The BGC id is same as the name of the BGC file in the antismash
directory, for example, given a
BGC file xxxx.region001.gbk
, the BGC id is xxxx.region001
.
The spectrum id is same as the scan number in the spectra.mgf
file in the gnps
directory,
for example, given a spectrum in the mgf file with a scan SCANS=1
, the spectrum id is 1
.
If you labelled the mzXML files (input for GNPS) with the strain id, you may need the function extract_mappings_ms_filename_spectrum_id to extract the mappings from mzXML files to the spectrum ids.
For the local
mode, you need to create this file manually and put it in the working directory.
It takes some effort to prepare this file manually, especially when you have a large number of strains.
3. Prepare config file¶
The configuration file nplinker.toml
is required by NPLinker to specify the working directory, mode,
and other settings for the run of NPLinker. You can put the nplinker.toml
file in any place, but it
is recommended to put it in the working directory created in step 2.
The details of all settings can be found at this page Config File.

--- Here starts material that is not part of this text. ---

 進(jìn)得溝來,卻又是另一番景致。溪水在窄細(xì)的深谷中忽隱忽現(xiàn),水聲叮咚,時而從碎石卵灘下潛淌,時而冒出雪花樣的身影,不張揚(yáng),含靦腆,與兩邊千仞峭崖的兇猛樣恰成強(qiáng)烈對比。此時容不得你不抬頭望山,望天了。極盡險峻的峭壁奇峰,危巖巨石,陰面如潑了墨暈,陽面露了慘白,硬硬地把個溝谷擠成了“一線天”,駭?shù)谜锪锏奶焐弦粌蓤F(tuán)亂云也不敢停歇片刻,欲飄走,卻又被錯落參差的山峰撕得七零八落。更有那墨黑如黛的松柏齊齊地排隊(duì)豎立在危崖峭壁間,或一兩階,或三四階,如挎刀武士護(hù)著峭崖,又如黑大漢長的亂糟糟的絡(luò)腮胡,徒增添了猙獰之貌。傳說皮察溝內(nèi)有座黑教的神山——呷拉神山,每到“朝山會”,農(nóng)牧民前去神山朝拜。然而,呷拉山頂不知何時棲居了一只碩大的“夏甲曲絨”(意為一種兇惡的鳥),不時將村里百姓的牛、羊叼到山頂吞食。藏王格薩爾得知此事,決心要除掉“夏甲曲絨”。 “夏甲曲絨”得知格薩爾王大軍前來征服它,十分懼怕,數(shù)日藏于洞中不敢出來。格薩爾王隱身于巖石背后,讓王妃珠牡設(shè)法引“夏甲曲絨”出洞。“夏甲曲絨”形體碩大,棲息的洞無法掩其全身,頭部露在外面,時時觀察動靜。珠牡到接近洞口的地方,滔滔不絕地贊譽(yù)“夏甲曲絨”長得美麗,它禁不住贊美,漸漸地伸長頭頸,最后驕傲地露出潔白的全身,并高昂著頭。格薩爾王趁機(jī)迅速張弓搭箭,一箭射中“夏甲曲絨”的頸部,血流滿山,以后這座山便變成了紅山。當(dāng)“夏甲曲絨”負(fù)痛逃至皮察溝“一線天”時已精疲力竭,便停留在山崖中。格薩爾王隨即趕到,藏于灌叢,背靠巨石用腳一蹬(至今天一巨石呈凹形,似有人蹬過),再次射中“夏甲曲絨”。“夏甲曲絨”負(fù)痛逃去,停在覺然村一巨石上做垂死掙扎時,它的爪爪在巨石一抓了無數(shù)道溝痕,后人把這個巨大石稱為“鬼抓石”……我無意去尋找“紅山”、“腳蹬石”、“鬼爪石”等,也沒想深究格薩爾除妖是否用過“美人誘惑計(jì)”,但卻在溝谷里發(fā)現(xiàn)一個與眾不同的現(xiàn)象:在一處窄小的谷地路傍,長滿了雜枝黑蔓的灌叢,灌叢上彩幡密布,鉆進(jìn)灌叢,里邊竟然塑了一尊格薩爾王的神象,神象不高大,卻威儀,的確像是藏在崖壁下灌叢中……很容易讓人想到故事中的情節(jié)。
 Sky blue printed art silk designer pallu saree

To keep it simple, default settings will be used
automatically by NPLinker if you don't set them in your nplinker.toml
config file.
What you need to do is to set the root_dir
and mode
in the nplinker.toml
file.
root_dir = "absolute/path/to/working/directory" # (1)!
mode = "local"
# and other settings you want to override the default settings
- Replace
absolute/path/to/working/directory
with the absolute path to the working directory created in step 2.
root_dir = "absolute/path/to/working/directory" # (1)!
mode = "podp"
podp_id = "podp_id" # (2)!
# and other settings you want to override the default settings
- Replace
absolute/path/to/working/directory
with the absolute path to the working directory created in step 2. - Replace
podp_id
with the identifier of the dataset in the Paired Omics Data Platform (PODP).
4. Run NPLinker¶
Before running NPLinker, make sure your working directory has the correct directory structure and names as described in the Working Directory Structure page.

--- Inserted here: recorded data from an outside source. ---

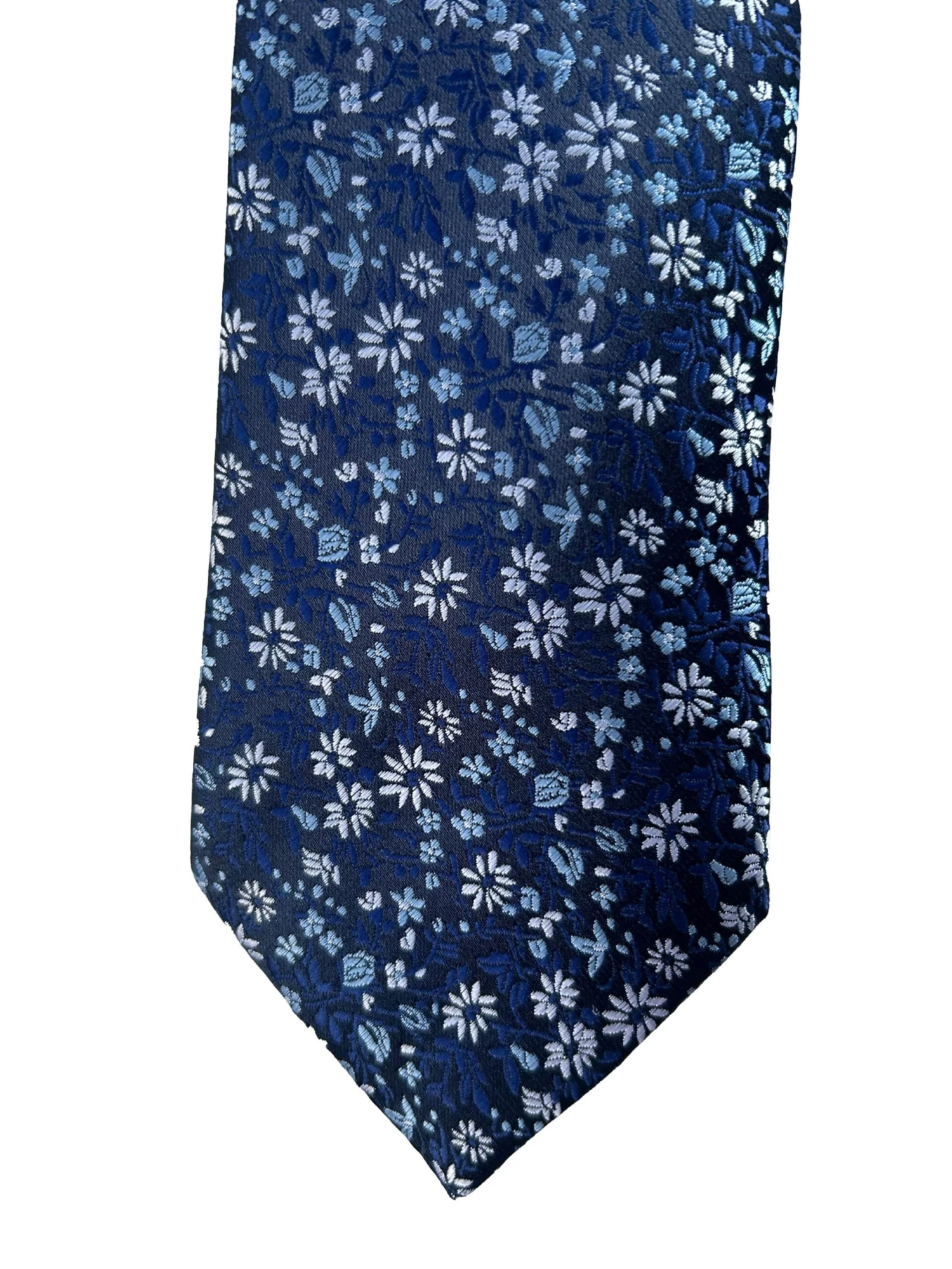 Daniel Grahame Tie & Pocket Square Set Navy/Silver Floral
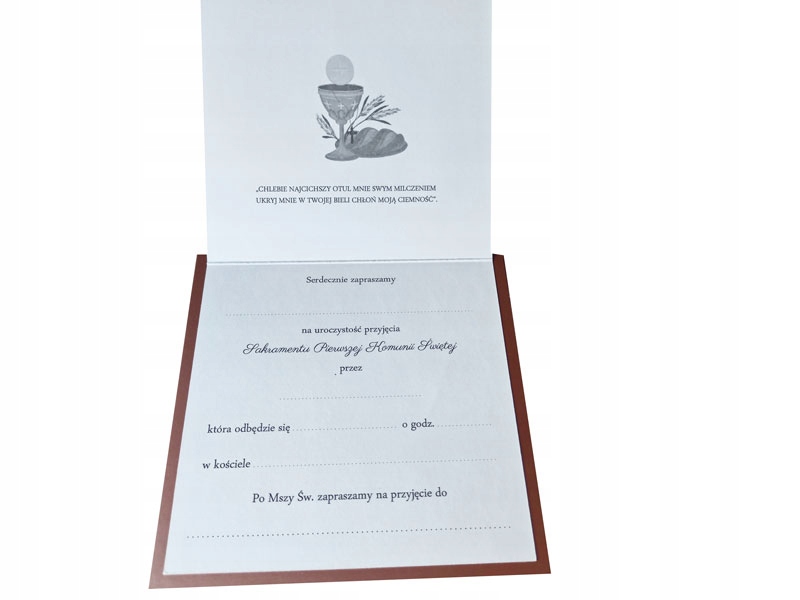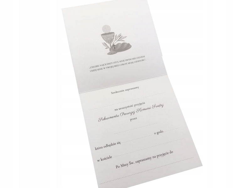 Оплачивая «Приглашение на причастие для крестной матери отца», вы можете быть уверены, что данное изделие из каталога «Приглашения» будет доставлено из Польши и проверено на целостность. В цене товара, указанной на сайте, учтена доставка из Польши. Внимание!!! Товары для Евросоюза, согласно законодательству стран Евросоюза, могут отличаться упаковкой или наполнением.
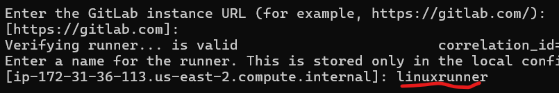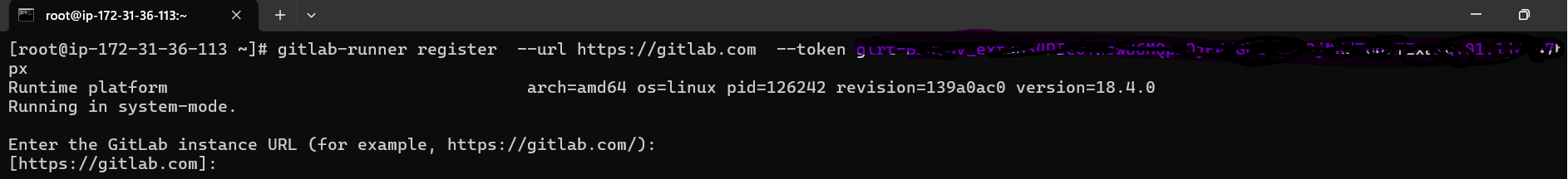 And copied and paste the following command at our aws ec2 cloud instance (amazon linux) to register it there (to link them: Gitlab <-> aws ec2 linux runner instance)

from nplinker import NPLinker
# create an instance of NPLinker
npl = NPLinker("nplinker.toml") # (1)!
# load data
npl.load_data()
# check loaded data
print(npl.bgcs)
print(npl.gcfs)
print(npl.spectra)
print(npl.mfs)
print(npl.strains)
# compute the links for the first 3 GCFs using metcalf scoring method
link_graph = npl.get_links(npl.gcfs[:3], "metcalf") # (2)!

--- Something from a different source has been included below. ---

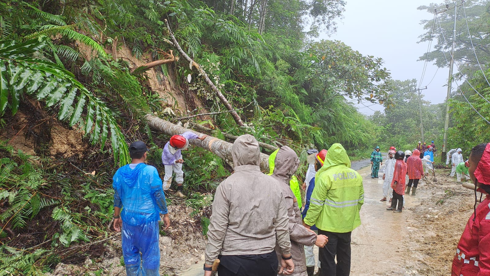 Kedatangan Personil Polres Pakpak dan di bantu masyarakat sekitar Berhasil membersihkan area terdampak Longsor material tanah dan pohon tumbang sehingga sekarang arus Lalu lintas di TKP bisa di lalui kenderaan baik roda 2, 4 dan lebih.
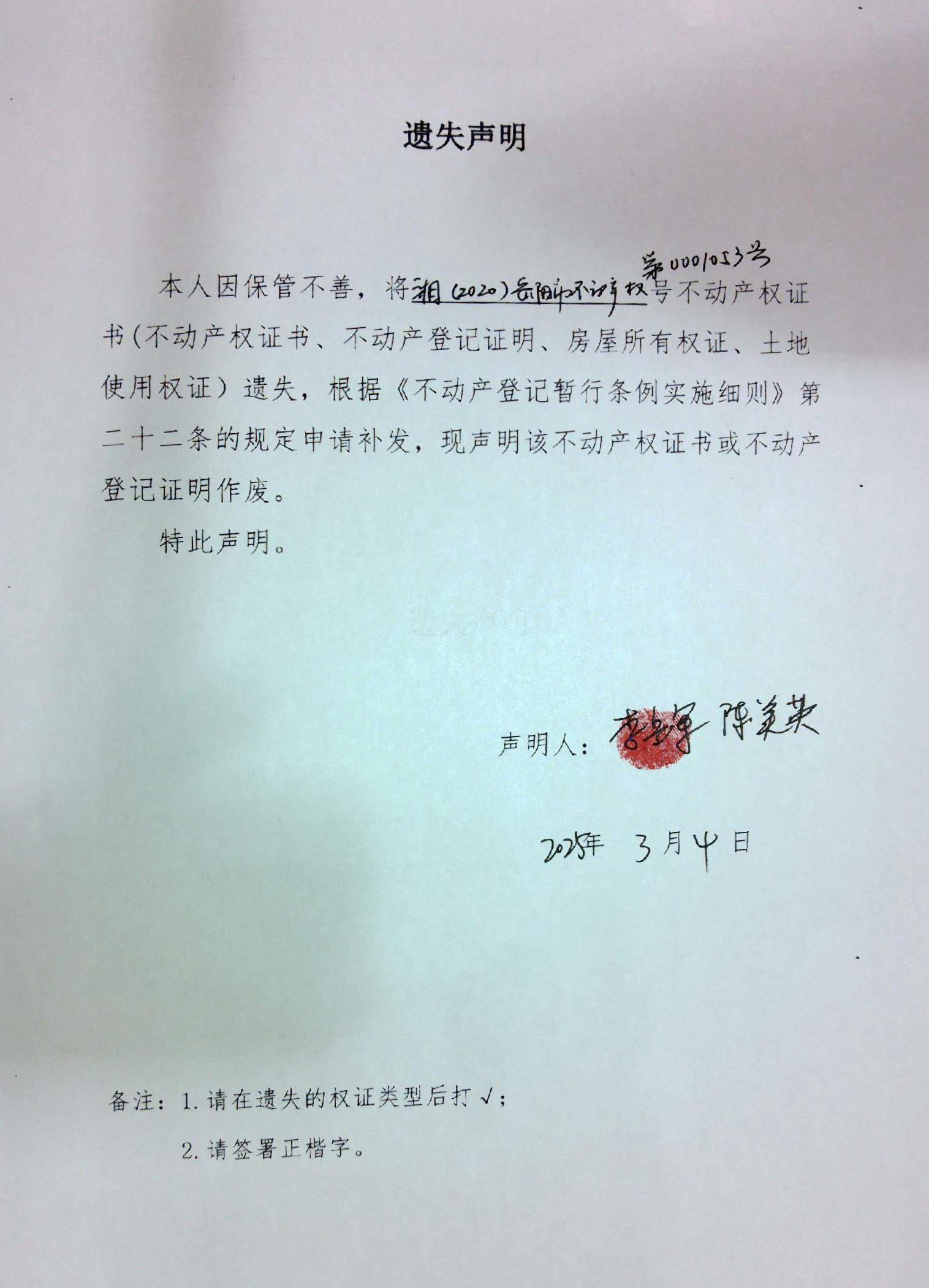 遗失声明(李岳军、陈美英)

# get links as a list of tuples
link_graph.links
# get the link data between two objects or entities
link_graph.get_link_data(npl.gcfs[0], npl.spectra[0])
# Save data to a pickle file
npl.save_data("npl.pkl", link_graph)
- Replace
nplinker.toml
with the actual path to your configuration file. - The
get_links
returns a LinkGraph object that represents the calculated links between the GCFs and other entities as a graph.
For more info about the classes and methods, see the API Documentation.